Петербургский театральный журнал
Внимание! В номерах журнала и в блоге публикуются совершенно разные тексты!
16+

ПЕРЕМЕЛЕТСЯ — КОФЕ БУДЕТ…

А. П. Чехов. «Три сестры». МДТ — Театр Европы.
Режиссер Лев Додин, художник Александр Боровский

А. П. Чехов. «Три сестры». НДТ.
Режиссер Лев Эренбург, художник Валерий Полуновский

Время идет. Два месяца уже прошло, а я все не пишу. Все мотаюсь и думаю — зачем?.. Зачем писать? Не то что через 200 лет никто не прочтет, но и через 10 не поинтересуются. Еще и спросят, кто такой Додин, — как спрашивают про Товстоногова или, что еще вернее, про Лобанова или Кожича… Бес-смыс-ли-ца. Бывают минуты, когда я положительно падаю духом. Для кого и для чего я пишу? Для публики?

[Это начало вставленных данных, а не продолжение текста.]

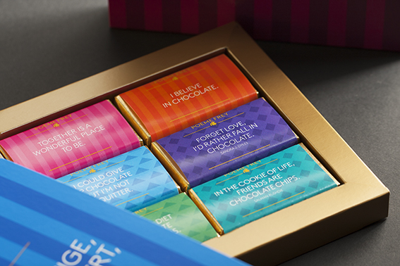 У новой линейки – поэтическое название и 44 наименования. Каждая плитка имеет свое настроение и философское изречение. Например: «Если в раю нет шоколада, то я туда не собираюсь» или «Счастье – это единственное, что увеличивается, если им делиться».
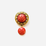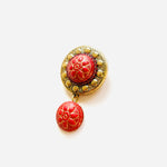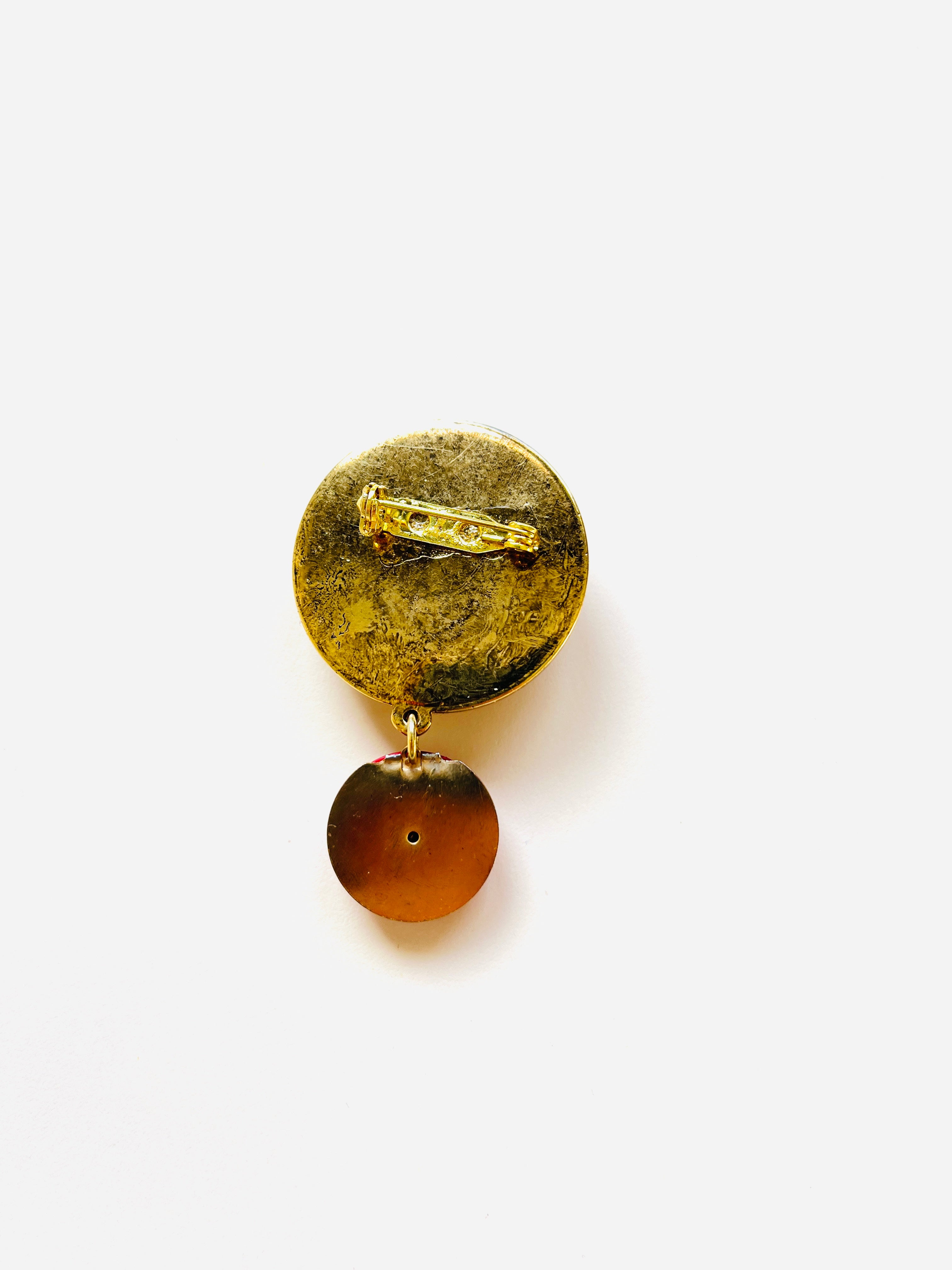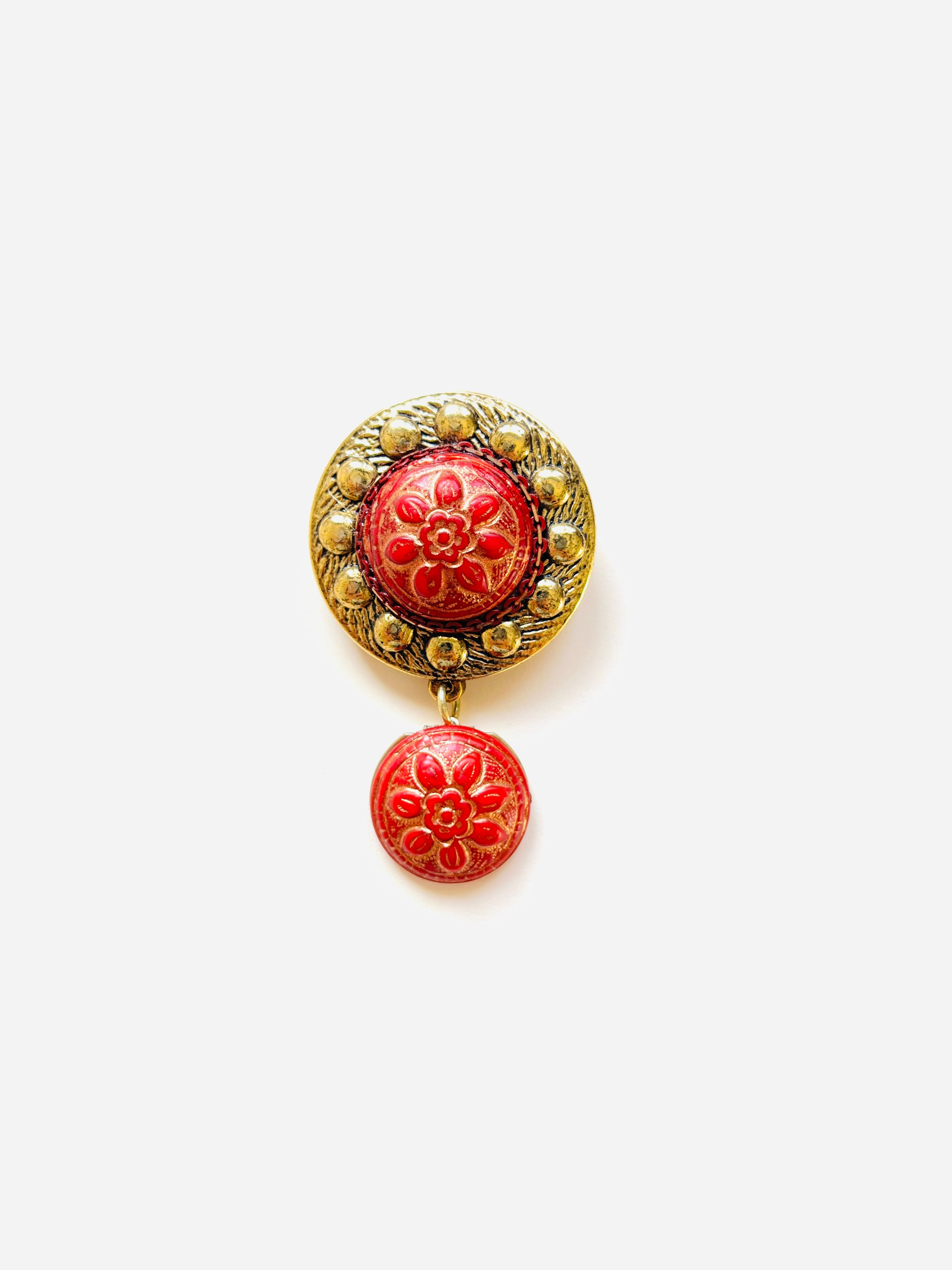 Broche vintage con base dorada y colgante con detalles ornamentales en dorado y rojo.

Но она необразованна, дурно воспитана, а ее лучшие элементы недобросовестны и неискренни по отношению к нам… Цитата. Чехов — Суворину… Шарим по интернету, устало выхватываем фразы из новостей, пишем машинально, только подчиняясь тому давно заведенному порядку, по которому одни служат, другие торгуют, третьи пишут… Цитата. Тоже Чехов и тоже — Суворину.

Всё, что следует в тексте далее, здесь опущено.